[[ DATA PROVIDED, beginning ]]

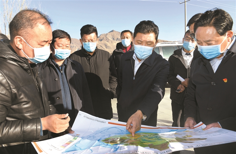 17日上午,市委副書(shū)記、市長(zhǎng)、城關(guān)區(qū)委書(shū)記、市應(yīng)對(duì)新冠肺炎疫情防控工作領(lǐng)導(dǎo)小組組長(zhǎng)果果,在聶當(dāng)工業(yè)園經(jīng)開(kāi)區(qū)西區(qū)規(guī)劃建設(shè)點(diǎn)上,仔細(xì)查看園區(qū)建設(shè)影像圖,詳細(xì)了解園區(qū)規(guī)劃布局。 拉薩融媒記者 巴桑次仁攝
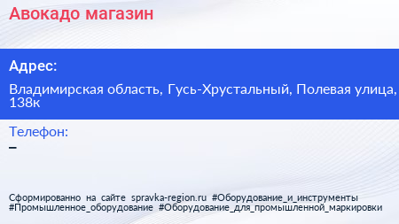 Авокадо, магазин по адресу Владимирская область, Гусь-Хрустальный, Полевая улица, 138к в дальнейшем Организация, размещена в следующих категориях:
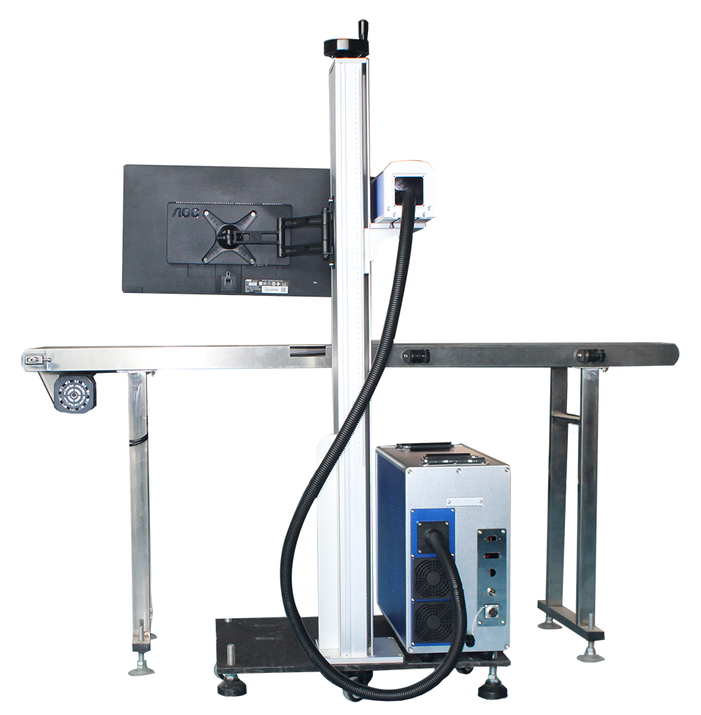 Flying laser marking machine and laser marking machine, laser online online code printer, laser to spurt the code machine, the packing of the products is my company for various enterprises industry to design online markers, and developing a non-standard automation high-tech products, can be in plastic, leather, wood and other nonmetallic material on marking, printing, this equipment can be equipped with a rotating countertops, rotating disk fixture and other functions for the general customers matching, can meet different application requirements; The flying laser marking machine also USES a special flight marking control system, can be equipped with an assembly line, the assembly line to achieve rapid laser marking, excellent performance, easy to operate.
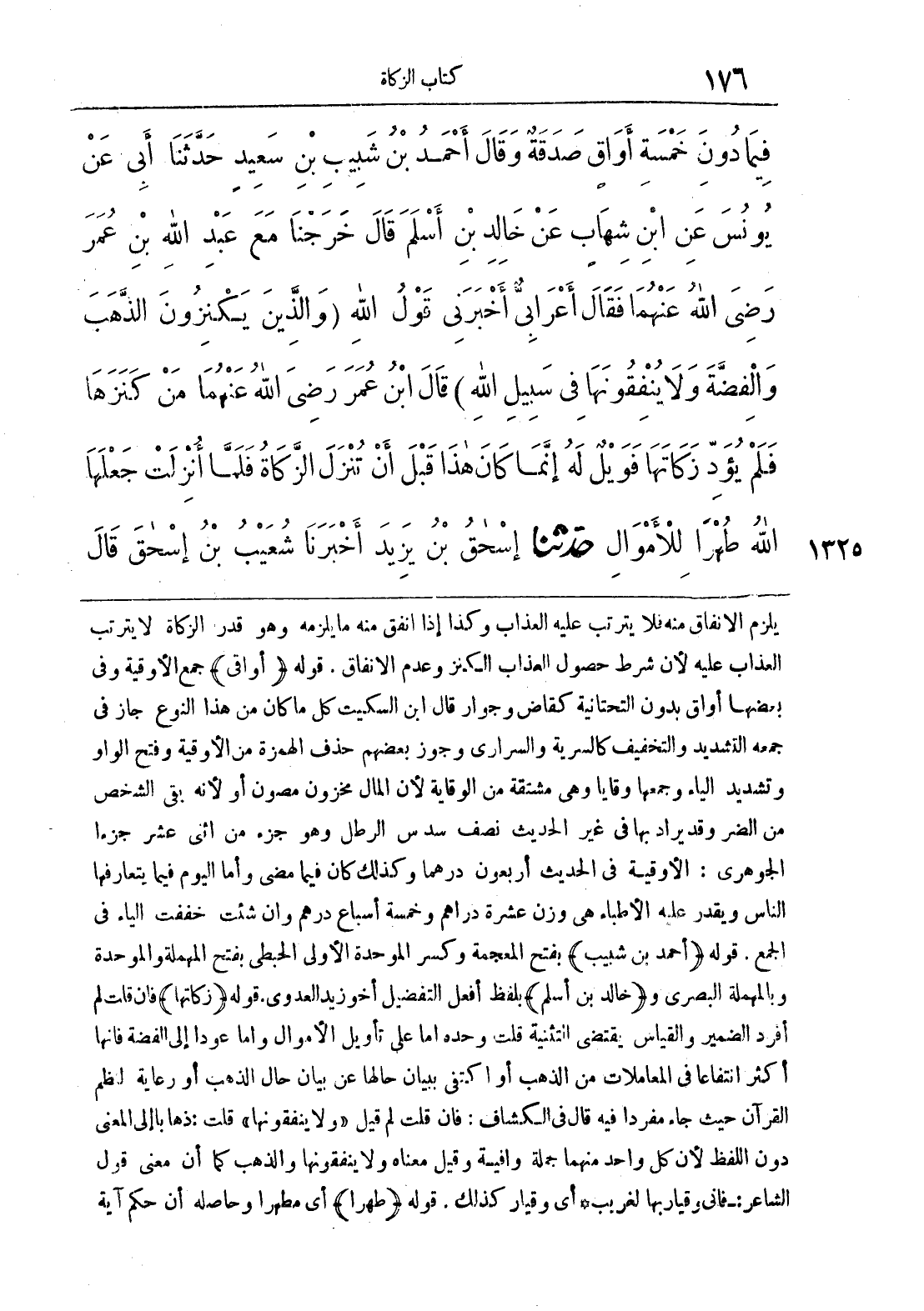 يلزم الإنفاق منه فلا يترتب عليه العذاب وكذا إذا أنفق منه ما يلزمه وهو قدر الزكاة لا يترتب العذاب عليه لأن شرط حصول العذاب الكنز وعدم الإنفاق. قوله (أواقي) جمع الأوقية وفي بعضها أواق بدون التحتانية كقاض وجواز قال ابن السكيت كل ما كان من هذا النوع جاز في جمعه التشديد والتخفيف كالسرية والسراري وجوز بعضهم حذف الهمزة من الأوقية وفتح الواو وتشديد الياء وجمعها وقايا وهي مشتقة من الوقاية لأن المال مخزون مصون أو لأنه بقى الشخص من الضر وقد يراد بها في غير الحديث نصف سدس الرطل وهو جزء من اثني عشر جزءاً الجوهري: الأوقية في الحديث أربعون درهماً وكذلك كان فيما مضى وأما اليوم فيما يتعارفها الناس ويقدر عليه الأطباء هي وزن عشرة دراهم وخمسة أسباع درهم وإن شئت خفت الياء في الجمع. قوله (أحمد بن شبيب) بفتح المعجمة وكسر الموحدة الأولى الحبطى بفتح المهملة والموحدة وبالمهملة البصري و (خالد بن أسلم) بلفظ أفعل التفضيل أخو زيد العدوي. قوله (زكاتها) فإن قلت لم أفرد الضمير والقياس يقتضي التثنية قلت وحده أما على تأويل الأموال وأما عوداً إلى الفضة فإنها أكثر انتفاعاً في المعاملات من الذهب أو اكتفى ببيان حالها عن بيان حال الذهب أو رعاية لنظم القرآن حيث جاء مفرداً فيه قال في الكشاف: فإن قلت لم قيل (ولا ينفقونها) قلت: ذهاباً إلى المعنى دون اللفظ لأن كل واحد منهما جملة وافية وقيل معناه ولا ينفقونها والذهب كما أن معنى قول الشاعر: فإني وقيار بها لغريب* أي وقيار كذلك. قوله (طهرا) أي مطهرا وحاصله أن حكم آية

[[ DATA PROVIDED, end ]]

YOUR TASK:
Restate all of the material above word for word, excluding the pictures.

TASK RESULT:
 17日上午,市委副書(shū)記、市長(zhǎng)、城關(guān)區(qū)委書(shū)記、市應(yīng)對(duì)新冠肺炎疫情防控工作領(lǐng)導(dǎo)小組組長(zhǎng)果果,在聶當(dāng)工業(yè)園經(jīng)開(kāi)區(qū)西區(qū)規(guī)劃建設(shè)點(diǎn)上,仔細(xì)查看園區(qū)建設(shè)影像圖,詳細(xì)了解園區(qū)規(guī)劃布局。 拉薩融媒記者 巴桑次仁攝
 Авокадо, магазин по адресу Владимирская область, Гусь-Хрустальный, Полевая улица, 138к в дальнейшем Организация, размещена в следующих категориях:
 Flying laser marking machine and laser marking machine, laser online online code printer, laser to spurt the code machine, the packing of the products is my company for various enterprises industry to design online markers, and developing a non-standard automation high-tech products, can be in plastic, leather, wood and other nonmetallic material on marking, printing, this equipment can be equipped with a rotating countertops, rotating disk fixture and other functions for the general customers matching, can meet different application requirements; The flying laser marking machine also USES a special flight marking control system, can be equipped with an assembly line, the assembly line to achieve rapid laser marking, excellent performance, easy to operate.
 يلزم الإنفاق منه فلا يترتب عليه العذاب وكذا إذا أنفق منه ما يلزمه وهو قدر الزكاة لا يترتب العذاب عليه لأن شرط حصول العذاب الكنز وعدم الإنفاق. قوله (أواقي) جمع الأوقية وفي بعضها أواق بدون التحتانية كقاض وجواز قال ابن السكيت كل ما كان من هذا النوع جاز في جمعه التشديد والتخفيف كالسرية والسراري وجوز بعضهم حذف الهمزة من الأوقية وفتح الواو وتشديد الياء وجمعها وقايا وهي مشتقة من الوقاية لأن المال مخزون مصون أو لأنه بقى الشخص من الضر وقد يراد بها في غير الحديث نصف سدس الرطل وهو جزء من اثني عشر جزءاً الجوهري: الأوقية في الحديث أربعون درهماً وكذلك كان فيما مضى وأما اليوم فيما يتعارفها الناس ويقدر عليه الأطباء هي وزن عشرة دراهم وخمسة أسباع درهم وإن شئت خفت الياء في الجمع. قوله (أحمد بن شبيب) بفتح المعجمة وكسر الموحدة الأولى الحبطى بفتح المهملة والموحدة وبالمهملة البصري و (خالد بن أسلم) بلفظ أفعل التفضيل أخو زيد العدوي. قوله (زكاتها) فإن قلت لم أفرد الضمير والقياس يقتضي التثنية قلت وحده أما على تأويل الأموال وأما عوداً إلى الفضة فإنها أكثر انتفاعاً في المعاملات من الذهب أو اكتفى ببيان حالها عن بيان حال الذهب أو رعاية لنظم القرآن حيث جاء مفرداً فيه قال في الكشاف: فإن قلت لم قيل (ولا ينفقونها) قلت: ذهاباً إلى المعنى دون اللفظ لأن كل واحد منهما جملة وافية وقيل معناه ولا ينفقونها والذهب كما أن معنى قول الشاعر: فإني وقيار بها لغريب* أي وقيار كذلك. قوله (طهرا) أي مطهرا وحاصله أن حكم آية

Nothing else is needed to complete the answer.